Mistake 8: Leaving a Pet Alone for Too Long
Why this is a mistake: A lack of proper companionship can lead to separation anxiety and destructive behaviors.
How to avoid it: “Don’t leave a puppy alone for eight hours,” says Reid. Hire someone to watch him or drop him off at a doggie day-care center. Your puppy will need to learn how to be alone for a few hours each day, however, so “teach him to self-pacify almost immediately,” says Andrea Arden. Put him in a crate (or leash him to a stable object) a foot or two away from you, then gradually increase the distance over the course of a week. Then make sure that he spends escalating amounts of time alone in his crate or confined to a room.
Mistake 9: Failing to Make Your Home Pet-Friendly
Why this is a mistake: A cat without a proper litter box will just use the carpet. A dog without a cozy bed will end up on the couch.
How to avoid it: Location is key with a litter box. “A cat doesn’t want to travel a long way to go to the bathroom any more than you do,” says Mieshelle Nagelschneider, a feline behaviorist and a consultant at the Cat Behavior Clinic, near Portland, Oregon. Place litter boxes (one per cat, if you own a few, plus one box they can share, says Moore) in quiet areas throughout your home. Dogs are far less persnickety about where they relieve themselves, but do them the favor of regularly picking up the poop in the backyard. Cats and dogs also need spots where they can cuddle up and feel safe. “A dog needs a crate like a teenager needs a room,” says Dodman.
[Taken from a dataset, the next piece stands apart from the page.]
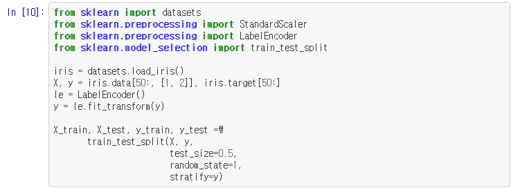 붓꽃 데이터 샘플을 훈련 데이터와 테스트 데이터 50:50으로 나눈 후
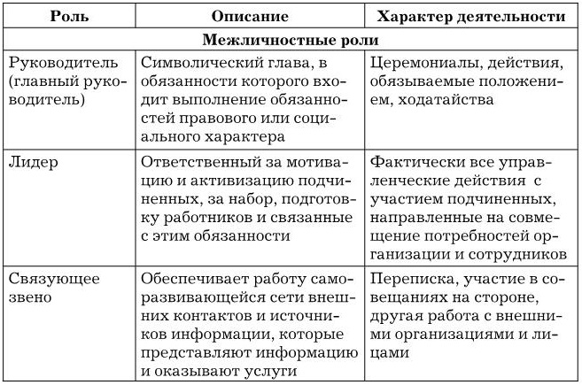 • роли, связанные с межличностными коммуникациями;

Mistake 10: Punishing Your Pet
Why this is a mistake: You might think Chewie knows you’re screaming at him because he ate the loaf of bread on the counter, but he won’t connect your behavior with his action.
How to avoid it: Never physically punish your pet; he’ll just learn to fear you. It’s OK to startle a pet out of a behavior, but only if you catch him in the act. Command him with a firm “No!” or “Down!” and he’ll connect the reaction with what he’s doing and learn that it’s not OK. Otherwise, the punishment should come from the environment.